Based on what I had to do with the needle, I'm guessing that I'll have bump all of my jet sizes up one step. Luckily, I have a Wideband O2 sensor that I'll be using to help get the carbs tuned. 

I've already been picking Bootlegger's brain on the carbs jets, so hopefully it won't be too much of a pain to get it right.


----------



## ranceola (Sep 18, 2009)

Nice ride


----------



## Smkblwr (Sep 10, 2009)

i fought my 2.5in intake piping to get it to fit. props to making it with 3in.:rockn:


----------



## Polaris425 (Dec 16, 2004)

good job! :rockn:


----------



## Masher (Jan 16, 2009)

Good lookin work man.


----------



## 650Brute (Dec 18, 2008)

Grrrrrr, RED X's....


----------



## 650Brute (Dec 18, 2008)

AWESOME!!!!!!


----------



## TYRFRYR (Feb 18, 2010)

Smkblwr said:


> i fought my 2.5in intake piping to get it to fit. props to making it with 3in.:rockn:


Necessity is the Mother of Invention.

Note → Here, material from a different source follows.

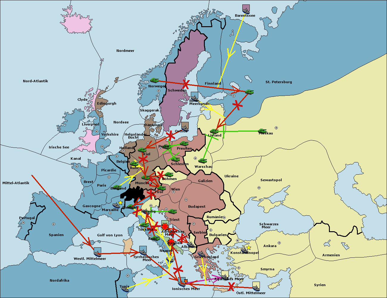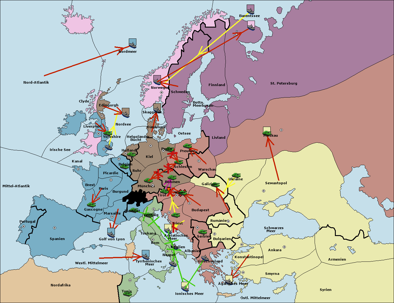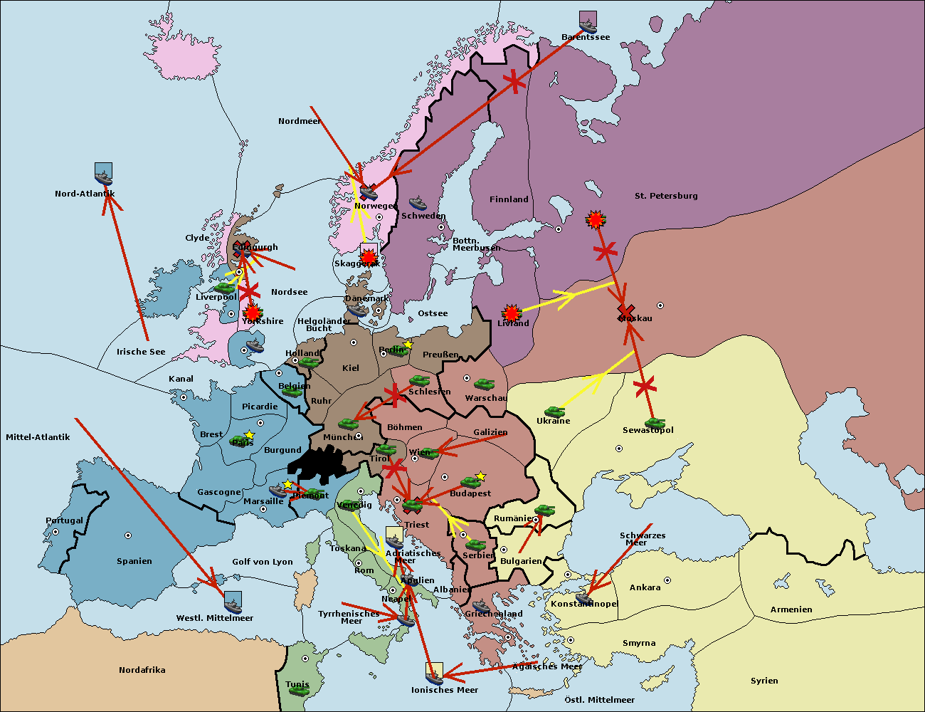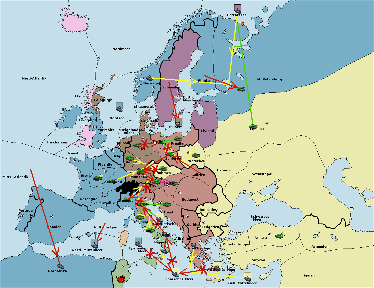 • Die Flotte in St. Petersburg (Nordküste) move nach Barentssee.

I live in a rural area and the local hardware store doesn't have 2.5". So 3" it was....

I did get a whole lot of:

 "Holy @#$! what size is that thing?" this weekend. 

Almost immediately followed up with:

:bigok::rockn: "Man thats f^&%$#g sweet!!!" :rockn::bigok:

And oh yeah...... The work quite well.....


----------



## Mark C. (Apr 26, 2010)

did u go 3" from the air box all the way out. Looks good. I'm gonna have to change mine from a 2" to 3".


----------



## 88rxn/a (Mar 2, 2009)

go 3 or go home!!!


----------



## TEAMWAY2DEEP (Sep 11, 2009)

that 3 is a MONSTER!!!!


----------



## Sammy (Jun 8, 2010)

Does the 3" make any difference in performance compared to the 2" ?


----------



## poolege (Mar 26, 2010)

It did on my 09 with efi. Made a noticable difference down low and never cut out on the top end.


----------



## CanAmChris (Jan 27, 2009)

Looks good.. Do you have any pics of where it attaches to the airbox?


----------



## guimond47 (Oct 22, 2009)

made a world of a difference in performance on my brute 650i compared to my little 2inch snork. like woke up the bike alot...! alot more grunt and torque to it. its like driving a 750 lmaooo


----------



## filthyredneck (Feb 10, 2010)

Completely rebuilding my snorks in a week or two, thinkin of doin the 3" intake snork on mine, should work well the motor mods


----------



## bigL (May 10, 2010)

Nice looks good !


----------